Возникшее у меня в этот момент побуждение рассказать Эрнестине про жаркий, клонящийся к вечеру летний день всего четыре месяца назад, когда Коулмен повез меня на молочную ферму посмотреть на Фауни, занятую дойкой, — или, точнее, посмотреть на него, смотрящего на Фауни, занятую дойкой, — я тут же и подавил, для чего особой мудрости не понадобилось. Пробелы в своем видении жизни Коулмена Эрнестина отнюдь не жаждала восполнить. При всем своем уме она не задала мне ни единого вопроса о том, как он жил последние месяцы, не говоря уже о возможных причинах его гибели при таких необычных обстоятельствах; хорошая, порядочная женщина, она тем не менее предпочитала не знать подробностей ситуации, приведшей к его смерти. Не задумывалась она и о том, есть ли связь между мятежным поступком, которым он в молодости отделил себя от семьи, и яростной решимостью, с которой он сорок с лишним лет спустя порвал все отношения с Афиной, став парией и отступником. Не то чтобы я был уверен в существовании такой связи, соединившей накоротко одно решение с другим, но почему не поговорить об этом и вместе не подумать? Как вообще мог возникнуть человек, подобный Коулмену? Что он такое был? В чем было больше истины — в его представлении о самом себе или в представлении других о том, чем ему следовало быть? Можно ли в принципе задавать такие вопросы? Но понятия о жизни как о чем-то таком, чья цель нам неведома, о мысли и обычае как о силах, порой друг другу враждебных, о человеческом обществе, склонном видеть себя в совершенно ложном свете, о личности, которая не укладывается в определяющие ее социальные рамки и даже видит в них нечто поистине нереальное, — словом, какие бы то ни было трудности из тех, что изнуряют наше воображение, лежали, судя по всему, за пределами ее непоколебимой верности своду проверенных временем правил.
— Книг ваших, должна признаться, я не читала, — сказала она мне в машине. — Я сейчас больше налегаю на детективы, в основном английские. Но теперь, как вернусь домой, обязательно что-нибудь прочту.
— Вы мне так и не рассказали, кто такой был доктор Чарльз Дрю.

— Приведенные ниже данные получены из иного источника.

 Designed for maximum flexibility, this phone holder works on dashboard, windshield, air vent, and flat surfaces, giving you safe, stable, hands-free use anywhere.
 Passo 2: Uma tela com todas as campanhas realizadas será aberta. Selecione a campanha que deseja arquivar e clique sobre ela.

— Доктор Чарльз Дрю, — объяснила мне она, — изобрел способ предотвращать свертывание донорской крови. Потом он попал в автомобильную катастрофу, но в ближайшую больницу не принимали цветных, и он умер от потери крови.
Вот и весь наш разговор за те двадцать минут, что заняла поездка в город с моего холма. Поток открытий иссяк. Что Эрнестина могла сказать, она сказала. Злая шутка, которую судьба сыграла с доктором Дрю, приобрела благодаря сходству со злой шуткой, которую она сыграла с Коулменом, символическую значимость, тревожившую ум при всей своей непостижимости.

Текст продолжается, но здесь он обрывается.